Awww, I kinda liked it, I'm a 'worldie' myself xD
eh, I just play whatever I feel like for whatever purpose I feel like at this point
(I do own/love the original, I just got wild world first)


----------



## MidnightAura (Jan 11, 2021)

cornimer said:


> I agree with the majority of other posters that there's way more vocal comparison between New Leaf and New Horizons than the older games. Most people I know haven't played Animal Crossing Gamecube.
> 
> I would be one of the ones who prefer older games (Wild World & Gamecube) due to the dialogue. I'm not into decorating/design, so the villager dialogue _was _the main draw of the game for me, and playing New Horizons feels a bit hollow. However, while I know asking for "rude" dialogue is unrealistic for the reasons you mentioned, I do think they could make it less repetitive. I hear the same things every day from my villagers, and a lot of it feels like effortless writing (e.g. "Today's already fun!" as a complete segment of dialogue which Melba says _daily). _More variety and substance would at least renew my interest in playing I think.



I agree with this. Their dialogue leaves me cold. I have Nan in Wild world, new leaf and NH. In NH I have no connection to her whatsoever. She’s an empty shell whereas WW and NL Nan are interesting to talk to and I actually feel we have a friendship. One of the reasons I play all the older games is I like the villagers, they are the draw for me of the game, not decorating.


----------



## AmericanCat26 (Jan 11, 2021)

I would rather see rant threads than threads complaining about rant threads, personally.


----------



## DrewAC (Jan 11, 2021)

Meh, this is all speculation to me.

I’ve played every single AC game, and I consider New Horizons to a great entry, honestly, my favorite right now. It just plays differently from the other entires in the series with features like crafting. I prefer the town aesthetic as opposed to a tropical island one, but I am immensely grateful for the fact that the developers pulled a New Leaf and instead of recycling what we had in the past, they took a risk and tried to give us something different. And, to me, it worked very well!

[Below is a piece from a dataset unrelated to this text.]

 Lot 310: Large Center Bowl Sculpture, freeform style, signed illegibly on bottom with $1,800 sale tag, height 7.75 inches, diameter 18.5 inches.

	Post automatically merged: Jan 11, 2021



AmericanCat26 said:


> I would rather see rant threads than threads complaining about rant threads, personally.

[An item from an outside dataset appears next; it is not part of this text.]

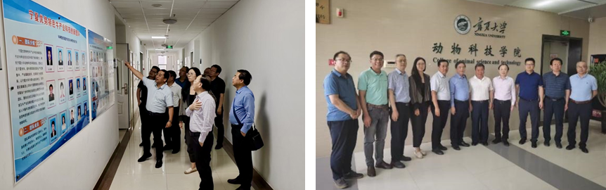 下午,百家乐在线 领导班子成员和导师代表陪同教指委专家对兽医专业学位点的校内平台(德晖楼一楼、二楼,科技楼8楼(宁夏反刍动物分子细胞育种区级重点实验室),西部特色生物资源保护与利用教育部重点实验室,百家乐在线 动物医院)和校外基地(宁夏农垦乳业股份有限公司(奶六)和宁夏农垦乳业股份有限公司(奶研所))进行参观和考察。百家乐在线 领导表示将充分利用这些平台为研究生的科研学习和实践训练等提供保障,并表示仍在努力建设更多的科研平台和实践基地以支撑学科发展。
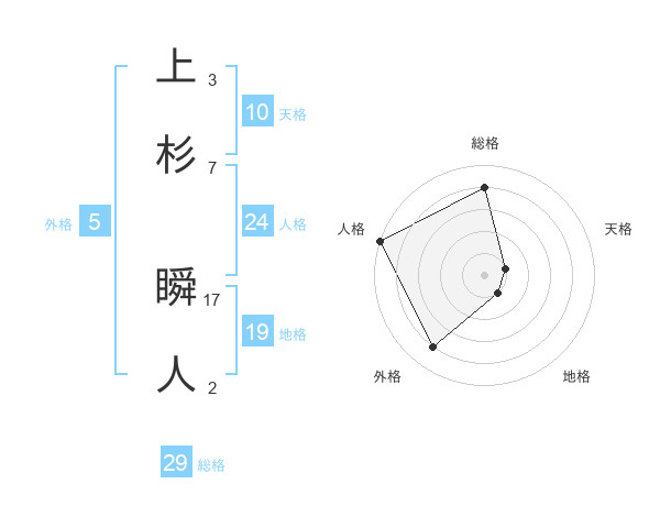 上杉 瞬人さんを姓名の画数から五運を鑑定

Yeah, I think it‘s just Internet culture to rant about everything nowadays. I’ve frequented TBT since 2007/2008, right before City Folk dropped. It was nothing like this. You had a few threads here and there with disappointment that ACCF was ACWW recycled, but people didn’t harp on it in every thread; it was just a case of, “it is what it is” and let’s see how to make the experience better now.

At the end of the day, this is an Animal Crossing fan forum. I think everyone is entitled to give feedback on what they’d like to see changed, and ACNH is by no means perfect, but to rant incessantly is just a bit too much to me. Try to look at things in a bit more positive light, connect with others and find things to do in New Horizons. If you really can’t find anything appealing, ACNL still has a lively community, and all of the predecessors are there with your favorite NPCs who may not yet be in ACNH.

I’ve seen what things get like when a greedy corporation _actually _ruins great series by overcharging for content, scrapping tons of content in the base game, and doesn’t care enough to fix annoying bugs (cough, The Sims 4) and Animal Crossing is just so far incredibly away from being anything like that.


----------



## Lanstar (Jan 11, 2021)

cornimer said:


> I agree with the majority of other posters that there's way more vocal comparison between New Leaf and New Horizons than the older games. Most people I know haven't played Animal Crossing Gamecube.
> 
> I would be one of the ones who prefer older games (Wild World & Gamecube) due to the dialogue. I'm not into decorating/design, so the villager dialogue _was _the main draw of the game for me, and playing New Horizons feels a bit hollow. However, while I know asking for "rude" dialogue is unrealistic for the reasons you mentioned, I do think they could make it less repetitive. I hear the same things every day from my villagers, and a lot of it feels like effortless writing (e.g. "Today's already fun!" as a complete segment of dialogue which Melba says _daily). _More variety and substance would at least renew my interest in playing I think.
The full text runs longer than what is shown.